Skip Navigation Links

Recently I was writing a sMash application where I needed to extract the text from Microsoft Word format .doc and Powerpoint .ppt files. The text was then going to be indexed using Apache Lucene but that is another story. I am not aware of a way to do this using standard PHP so I looked to the Java world. I found that using the sebring Java Bridge with Apache POI I could do this in just a few lines of PHP.

I thought I’d share the code. Here is what I did:

  1. Download Apache POI. I used the latest development stream code from here: http://www.apache.org/dyn/closer.cgi/poi/
    I used the code from the dev/bin branch and dowloaded poi-bin-3.5-beta4-20081128.zip .

  2. From this zip I extracted the three jars I needed where were
    	poi-3.5-beta4-20081128.jar
            poi-contrib-3.5-beta4-20081128.jar
            poi-scratchpad-3.5-beta4-20081128.jar
    

    I placed these three jars into the /lib directory of my sMash application.
    EDIT Michael pointed out that this JARS are actually available in Maven so I could have pulled them in from there.

  3. I added a dependency for zero.php to config/ivy.xml
        
  4. I created public/wordExtract.php with the following contents:
    <?php
     
    // Demonstrate the use of POI HWPF to extract text from a ms-word format file. 
    // Note that there are other methods of WordExtractor that can be used to iterate through paragraphs
     
    java_import("org.apache.poi.hwpf.extractor.WordExtractor");
    $fs= new Java ("java.io.FileInputStream","c:/temp/poitest.doc");
    $we = new WordExtractor($fs);
    $text=$we->getText();
    echo $text;
  5. I created public/powerpointExtract.php with the following contents:
    <?php
     
    // Demonstrate the use of POI HSLF to extract text from a powerpoint format file. 
     
     
    java_import("org.apache.poi.hslf.HSLFSlideShow");
    java_import("org.apache.poi.hslf.usermodel.SlideShow");
     
    $fs= new Java ("java.io.FileInputStream","c:/temp/poitest.ppt");
    $hsss=new HSLFSlideShow($fs);
    $ss= new SlideShow($hsss);
    foreach ($ss->getSlides() as $slide) {
        echo $slide->getTitle();
        echo "<br><br>";
        foreach ( $slide->getTextRuns() as $textRun) {
        	echo $textRun->getRawText();
        echo "<br>" ;   	
        }
    }
  6. I tested this code with a number of real world powerpoint and word documents that I had.
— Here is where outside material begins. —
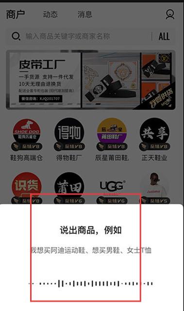 1、購物APP語音搜索界面,可說出商品需如阿迪運(yùn)動(dòng)鞋,輔助快速找商品。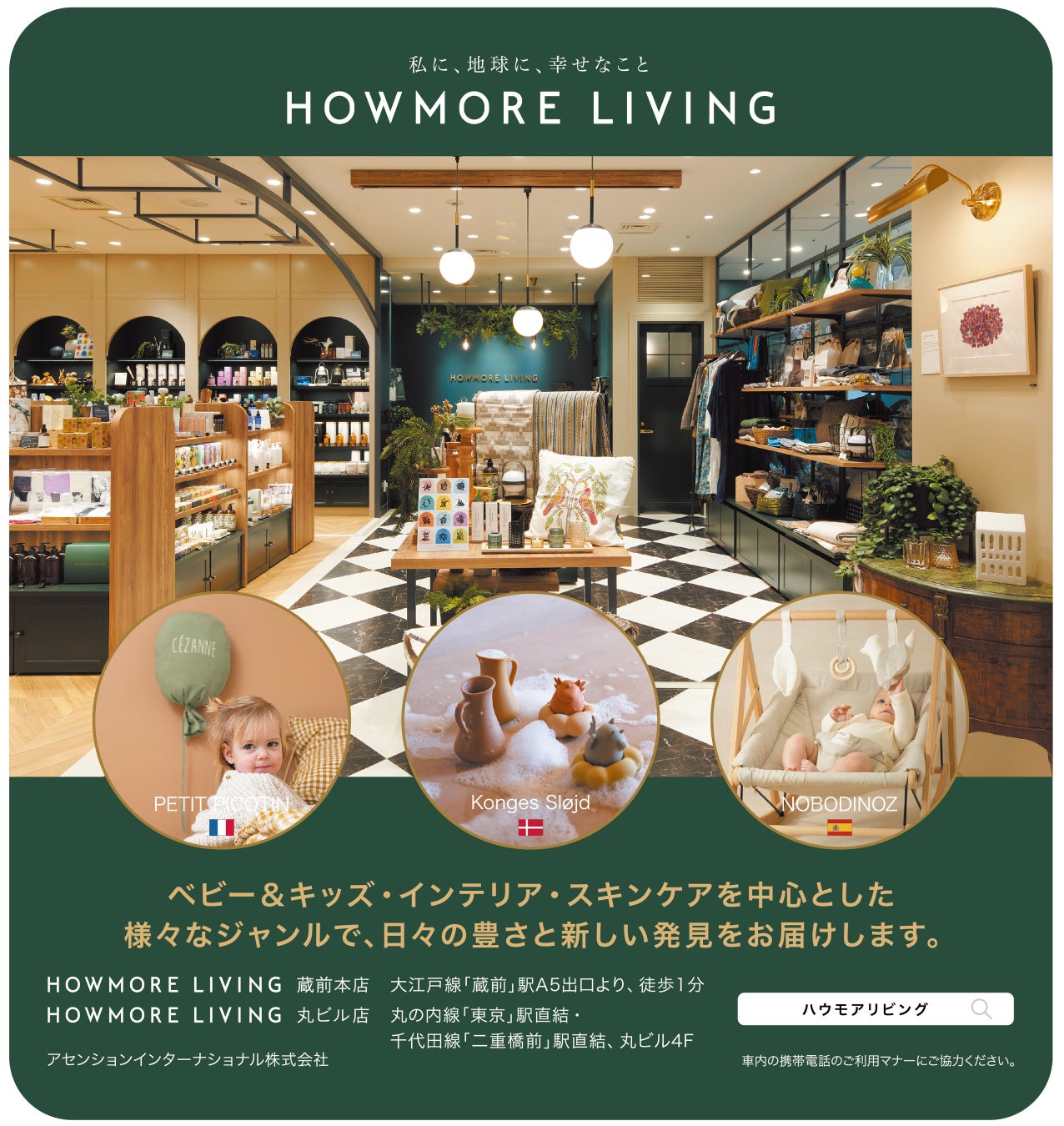 HOWMORE LIVINGとマタニティマークのタイアップ広告が、1年間都営地下鉄大江戸線優先席エリアに掲載されます。

4 Responses to “Extract text from MS Office format .doc and .ppt files using the PHP Java Bridge and Apache POI.”

  1. hhh Says:

    I tries this… I get the following error when trying to run the script…
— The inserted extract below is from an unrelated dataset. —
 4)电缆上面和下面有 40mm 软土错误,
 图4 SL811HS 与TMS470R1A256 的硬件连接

    Fatal error: Call to undefined function: java_import() in /home/thrive/public_html/pptext.php on line 6

    how do I get the java_import() function accessible to the script?

  2. admin Says:

    Did you add PHP support to your CLI environment ? Refer to instructions in the last section of the Getting Started guide. Also, refer to PHP to Java bridge in the documentation for usage.

  3. Bala Says:

    Hi Nichol,

    We are looking to implement something like this as a connector module which can take any document format as plug-in and get the text extracted.
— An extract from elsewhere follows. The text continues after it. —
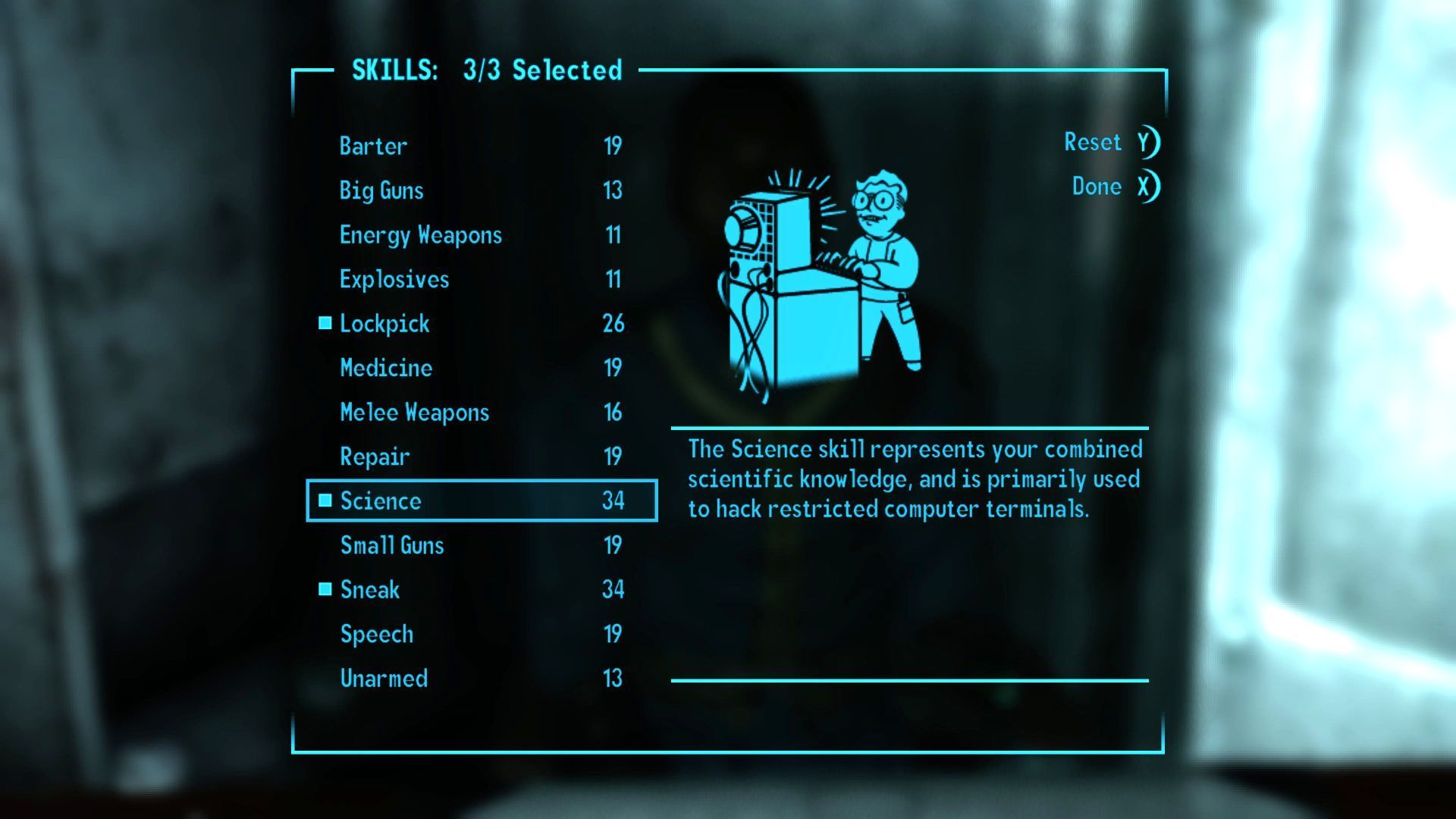Pamiętajmy, że nie zależne od postaci, stylu grania (VAST czy FPP) Nauki Ścisłe, Otwieranie Zamków, Naprawy i Retoryka są ZAWSZE przydatne.

    If you have already done so, would you be able to share with me?

  4. admin Says:

    Hey Bala,
    We don’t have a generic connector module as you described. The team would be happy to see what you come up with in your project and will help you along the way. Please start a forum thread to track progress and continue the discussion.

    Thanks,
    Ryan B.